INPUT:

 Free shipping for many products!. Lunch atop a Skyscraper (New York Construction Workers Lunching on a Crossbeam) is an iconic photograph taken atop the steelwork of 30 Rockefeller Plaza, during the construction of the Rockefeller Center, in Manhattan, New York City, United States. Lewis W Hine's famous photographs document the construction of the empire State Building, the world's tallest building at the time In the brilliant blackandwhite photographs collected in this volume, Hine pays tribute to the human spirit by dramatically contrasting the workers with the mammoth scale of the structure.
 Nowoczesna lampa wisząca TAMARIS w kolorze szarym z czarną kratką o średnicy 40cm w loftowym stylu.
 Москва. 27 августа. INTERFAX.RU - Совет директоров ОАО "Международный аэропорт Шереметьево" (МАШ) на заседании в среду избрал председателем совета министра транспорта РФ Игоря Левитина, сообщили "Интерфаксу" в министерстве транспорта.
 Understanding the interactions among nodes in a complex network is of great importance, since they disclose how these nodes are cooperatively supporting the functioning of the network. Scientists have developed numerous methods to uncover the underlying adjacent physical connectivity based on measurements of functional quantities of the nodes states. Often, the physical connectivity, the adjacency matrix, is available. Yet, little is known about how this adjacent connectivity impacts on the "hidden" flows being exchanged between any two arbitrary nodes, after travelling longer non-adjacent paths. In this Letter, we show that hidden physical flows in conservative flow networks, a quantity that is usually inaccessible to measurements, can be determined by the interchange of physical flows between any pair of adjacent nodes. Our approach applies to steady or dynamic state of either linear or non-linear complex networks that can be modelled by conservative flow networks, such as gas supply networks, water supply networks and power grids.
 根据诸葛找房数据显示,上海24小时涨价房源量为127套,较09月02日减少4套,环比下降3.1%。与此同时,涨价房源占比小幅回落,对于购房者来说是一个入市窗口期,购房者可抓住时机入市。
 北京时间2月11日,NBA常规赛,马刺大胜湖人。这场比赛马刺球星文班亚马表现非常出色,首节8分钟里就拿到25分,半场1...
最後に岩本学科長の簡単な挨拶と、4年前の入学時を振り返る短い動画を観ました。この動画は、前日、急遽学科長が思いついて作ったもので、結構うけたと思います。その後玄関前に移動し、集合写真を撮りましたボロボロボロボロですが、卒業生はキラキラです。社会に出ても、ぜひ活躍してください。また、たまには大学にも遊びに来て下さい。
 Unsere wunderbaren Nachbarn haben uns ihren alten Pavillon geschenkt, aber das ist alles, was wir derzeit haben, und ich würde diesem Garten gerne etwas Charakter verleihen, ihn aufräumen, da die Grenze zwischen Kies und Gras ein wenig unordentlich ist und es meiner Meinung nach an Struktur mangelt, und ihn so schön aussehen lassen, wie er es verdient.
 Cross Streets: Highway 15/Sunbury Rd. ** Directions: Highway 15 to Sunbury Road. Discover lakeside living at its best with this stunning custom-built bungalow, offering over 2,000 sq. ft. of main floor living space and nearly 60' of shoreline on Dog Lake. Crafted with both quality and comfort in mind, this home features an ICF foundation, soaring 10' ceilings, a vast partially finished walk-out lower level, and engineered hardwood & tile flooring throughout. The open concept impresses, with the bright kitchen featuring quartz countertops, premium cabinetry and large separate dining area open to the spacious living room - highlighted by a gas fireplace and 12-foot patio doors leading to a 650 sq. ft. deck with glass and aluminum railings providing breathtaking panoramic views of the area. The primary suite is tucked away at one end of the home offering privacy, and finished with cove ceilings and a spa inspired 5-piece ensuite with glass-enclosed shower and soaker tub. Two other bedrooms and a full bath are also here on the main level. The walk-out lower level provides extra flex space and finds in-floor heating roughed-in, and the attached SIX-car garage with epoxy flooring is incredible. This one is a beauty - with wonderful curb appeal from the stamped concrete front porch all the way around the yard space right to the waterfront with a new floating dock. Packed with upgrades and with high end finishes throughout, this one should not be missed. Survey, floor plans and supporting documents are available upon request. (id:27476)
---
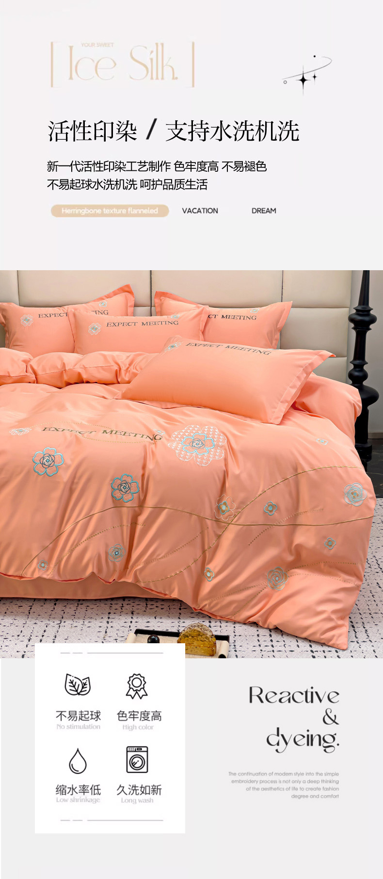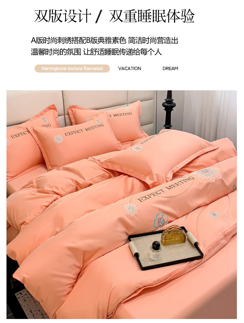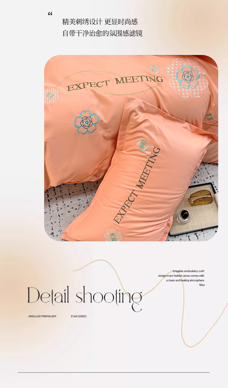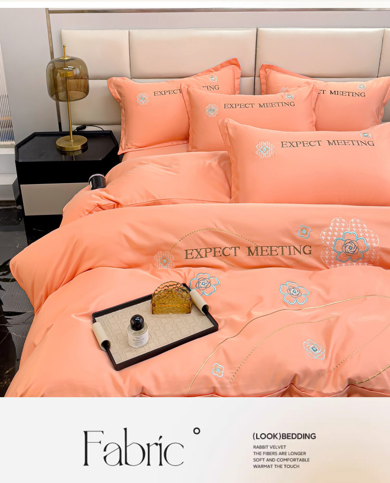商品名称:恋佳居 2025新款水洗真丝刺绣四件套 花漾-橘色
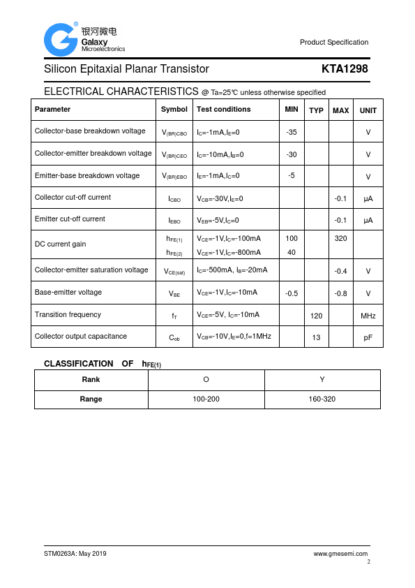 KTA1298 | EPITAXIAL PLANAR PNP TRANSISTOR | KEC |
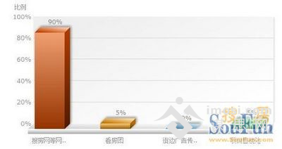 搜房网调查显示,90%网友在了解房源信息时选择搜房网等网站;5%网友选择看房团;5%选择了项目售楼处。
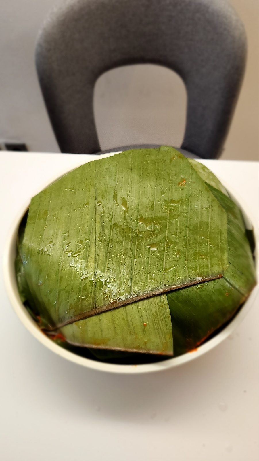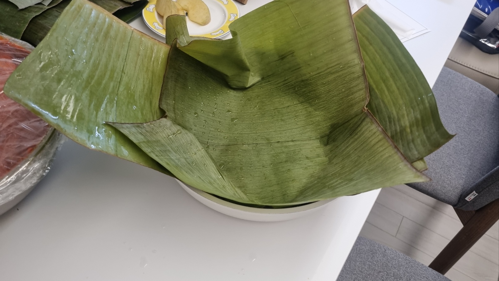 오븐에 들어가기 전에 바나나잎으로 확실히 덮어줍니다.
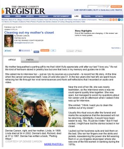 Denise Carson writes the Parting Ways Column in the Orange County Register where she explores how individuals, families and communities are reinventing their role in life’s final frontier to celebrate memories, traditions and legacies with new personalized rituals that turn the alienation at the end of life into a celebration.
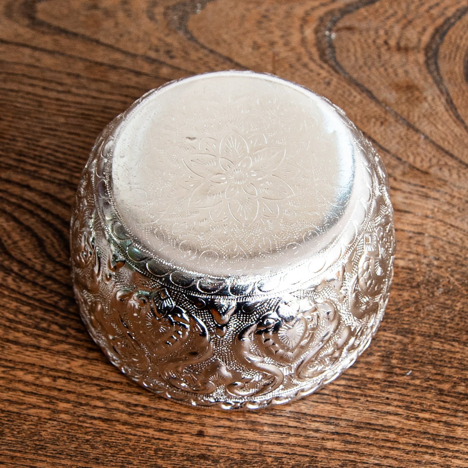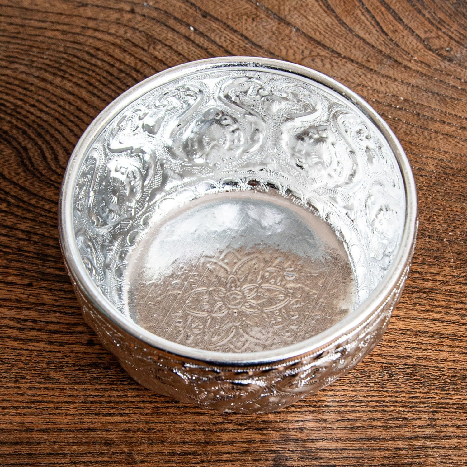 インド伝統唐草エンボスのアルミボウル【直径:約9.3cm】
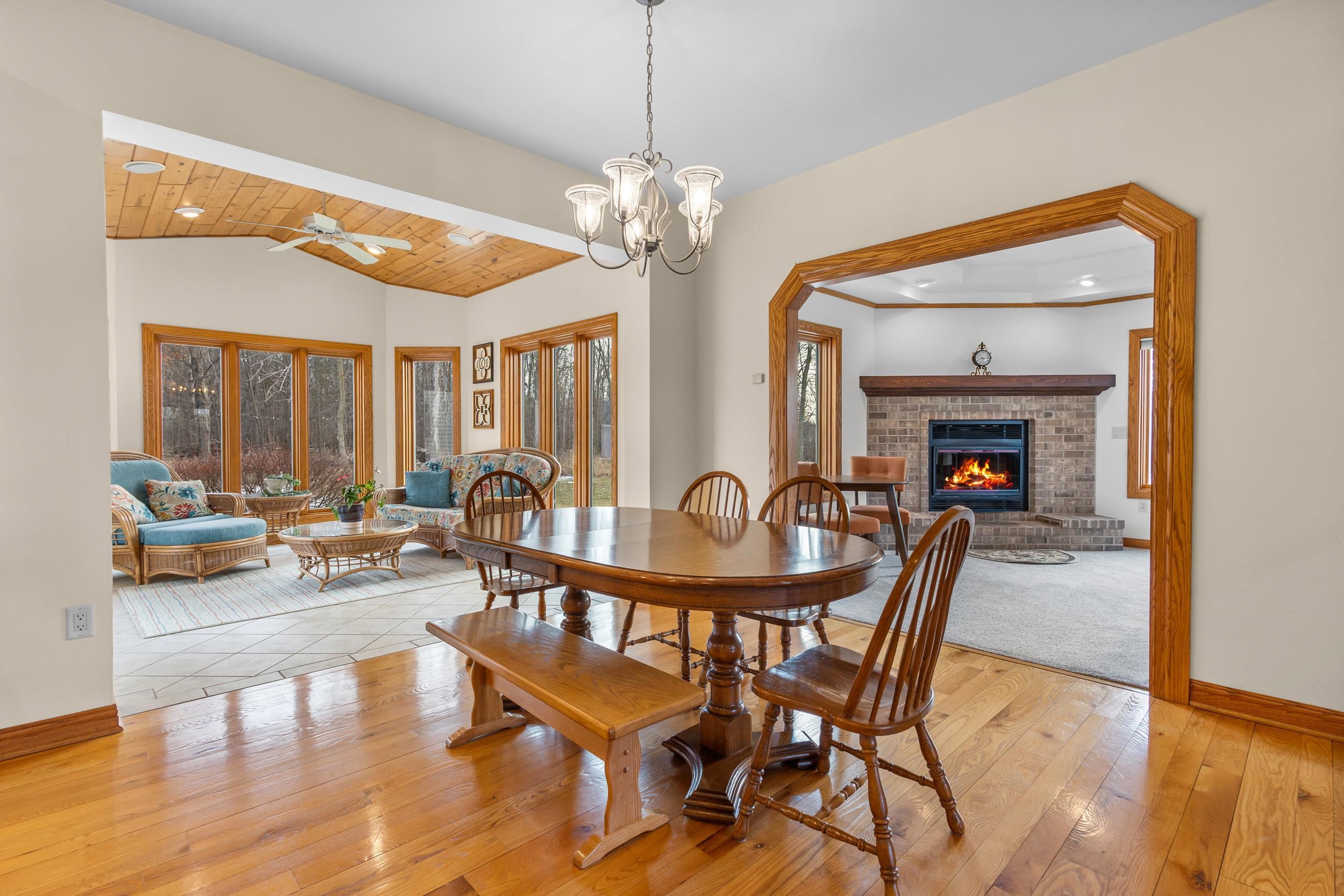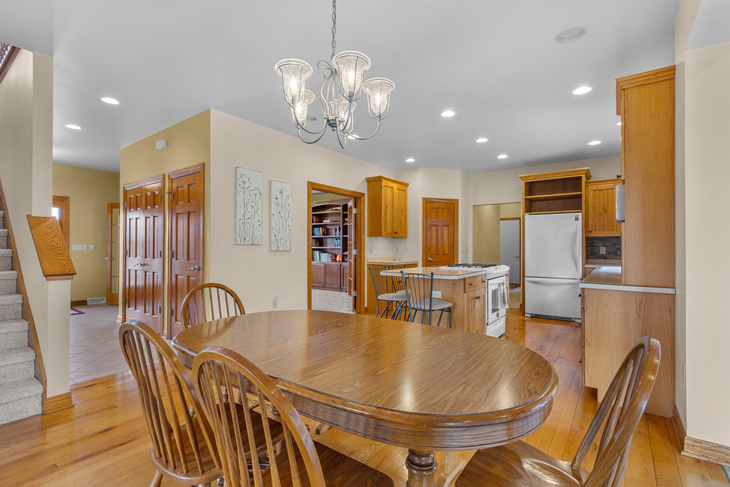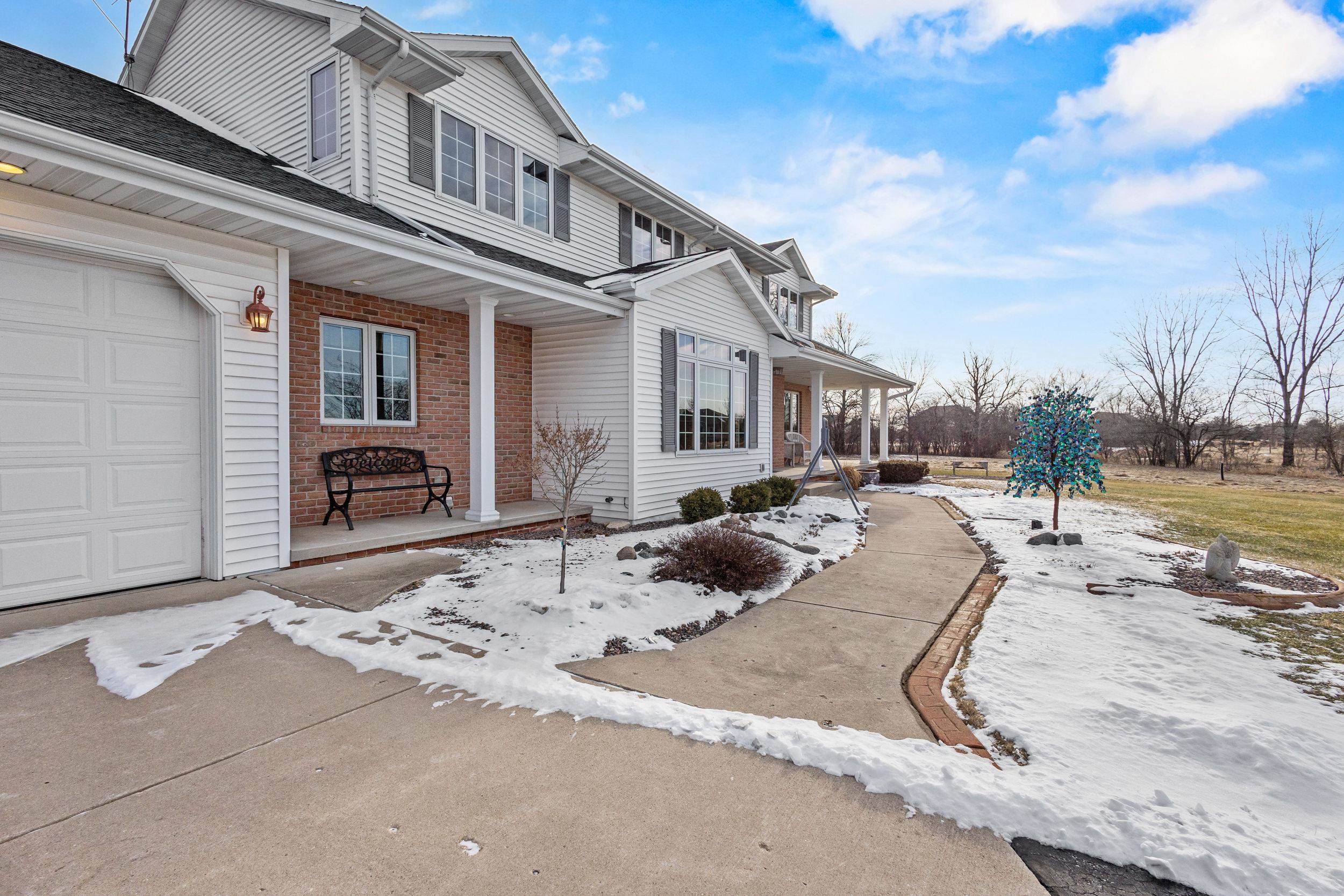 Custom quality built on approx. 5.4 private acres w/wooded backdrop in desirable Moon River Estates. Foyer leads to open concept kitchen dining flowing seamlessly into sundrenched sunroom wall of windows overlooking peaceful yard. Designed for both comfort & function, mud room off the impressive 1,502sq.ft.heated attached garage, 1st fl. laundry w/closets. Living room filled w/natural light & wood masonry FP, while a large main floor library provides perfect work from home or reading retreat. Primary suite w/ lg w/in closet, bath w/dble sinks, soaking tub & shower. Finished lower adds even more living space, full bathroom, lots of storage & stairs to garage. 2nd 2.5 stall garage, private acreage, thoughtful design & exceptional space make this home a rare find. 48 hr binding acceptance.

EXERCISE: Give only the lines from the one holding "Understanding the interactions" through the one holding "北京时间2月11日,NBA常", each restated exactly as it appears above.

TASK SOLUTION:
 Understanding the interactions among nodes in a complex network is of great importance, since they disclose how these nodes are cooperatively supporting the functioning of the network. Scientists have developed numerous methods to uncover the underlying adjacent physical connectivity based on measurements of functional quantities of the nodes states. Often, the physical connectivity, the adjacency matrix, is available. Yet, little is known about how this adjacent connectivity impacts on the "hidden" flows being exchanged between any two arbitrary nodes, after travelling longer non-adjacent paths. In this Letter, we show that hidden physical flows in conservative flow networks, a quantity that is usually inaccessible to measurements, can be determined by the interchange of physical flows between any pair of adjacent nodes. Our approach applies to steady or dynamic state of either linear or non-linear complex networks that can be modelled by conservative flow networks, such as gas supply networks, water supply networks and power grids.
 根据诸葛找房数据显示,上海24小时涨价房源量为127套,较09月02日减少4套,环比下降3.1%。与此同时,涨价房源占比小幅回落,对于购房者来说是一个入市窗口期,购房者可抓住时机入市。
 北京时间2月11日,NBA常规赛,马刺大胜湖人。这场比赛马刺球星文班亚马表现非常出色,首节8分钟里就拿到25分,半场1...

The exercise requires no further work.